Bottom The chemotaxis index of odor-exposed animals correlated well with luciferase expression when the wild type egl-4 3’ UTR flanks this reporter (1 independent line) (Pearson correlation r = −0.7324, *p= 0.016 and Spearman’s correlation r= −0.7939 and **p= 0.0088). Expression was uncorrelated with behavior after odor-exposure when the egl-4 3’UTR (1 line) was replaced by the unc-54 3’UTR (Pearson’s r=0.01, p=0.98), the NR/FBE was mutated to mimic the ky95 allele (2 lines) (red diamonds, Pearson’s r=−0.74, p=0.26), or the NR/FBE was deleted (1 line) (Pearson’s r=−0.33, p=0.58). Each point represents a single assay in which a population was divided and a portion was subjected to a chemotaxis assay and the other portion to luminometry followed by qRT-PCR to obtain units of luciferase per unit of transgenic DNA.

(D) Luciferase values in populations of naïve worms that chemotaxed well (CI>0.8, light grey) were compared to those that adapted robustly (CI<0.2, dark grey bars).
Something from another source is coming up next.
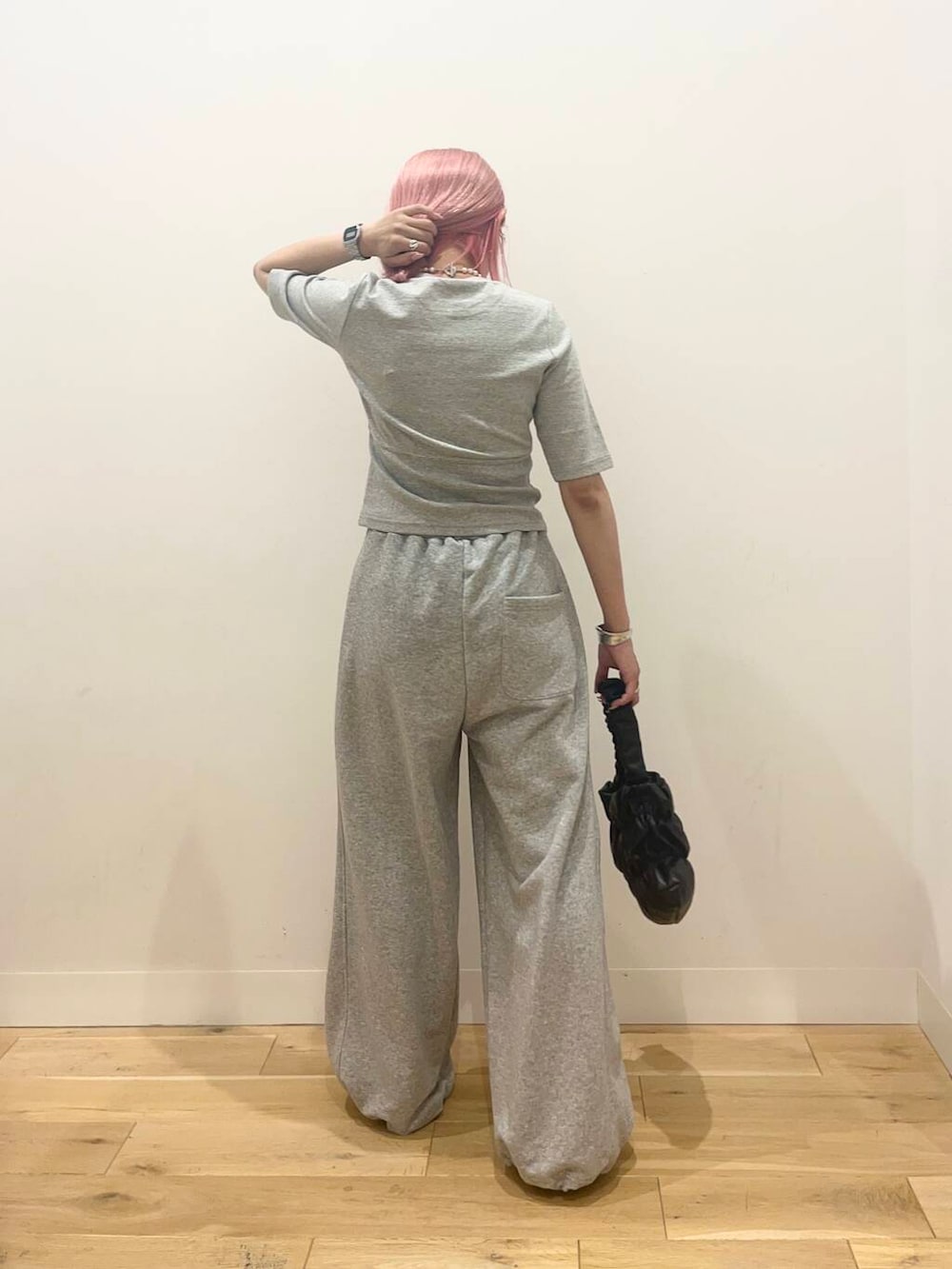 スウェットパンツはかなり太めなのでコンパクトなトップスのと合せでバランスが良く見えます✨

Luciferase expression was 1.85 fold higher in animals that adapted well than in the naive animals (p=0.05 n=3). Error bars denote the s.e.m.

(E) Luciferase reporter expression in the AWCON neuron in naïve animals was examined as a function of the 3’ UTR. The wild type egl-4 3’UTR (5 independent lines, see Supplemental Materials on details of expression from each line) in wild-type animals conferred 2.4 fold more expression (n=40) than when it was expressed in fbf-1(ok91) mutant animals (3 lines, p=0.0061 n= 15), 4.5 fold higher than the ky95 3’ UTR expressed in wild-type animals (2 lines, p=0.0003 n=15) and 6.4 fold higher than the ky95 3’ UTR expressed in fbf-1(ok91) (2 lines p<0.0001 n=11). fbf-1(ok91) animals expressing the wild-type 3’UTR showed 2.3 fold more luciferase expression than fbf-1(ok91) animals expressing the ky95 3’ UTR (p=0.0025). Expression from the ky95 3’ UTR reporter was not significantly different in wild-type and fbf-1(ok91l) animals (p= 0.1591).

(F) The NR/FBE and flanking sequence elements promote basal levels of expression from the egl-4 3’UTR. In wild-type worms, the egl-4 3’UTR (5 lines) was expressed 2.3 fold more than the NR/FBE deleted 3’ UTR (1 line,** p=0.0077, n=9), 2.8 fold more the gld-1 FBEa substitution (3 lines, **p=0.0028, n=25), 4.8 fold more than the NR/FBE+4 b.p. delete (3 lines, ** p=0.0002 n=9) and 5.2 fold more than the let-7/mir-32/84/265 deletion (2 lines ***p=0.0002, n=8). The unc-54 3’UTR drove 2.4 fold less expression than the wt egl-4 3’UTR 1 line, p=0.0449 n=8). Luciferase/unit DNA values for wild type egl-4 3’ UTR, gld-1-subsitiuted FBE 3’ UTR and unc-54 3’ UTR lines did not follow a normal distribution thus P values were obtained using a Welch-corrected two-tailed T-test using Prism software. Error bars denote s.e.m.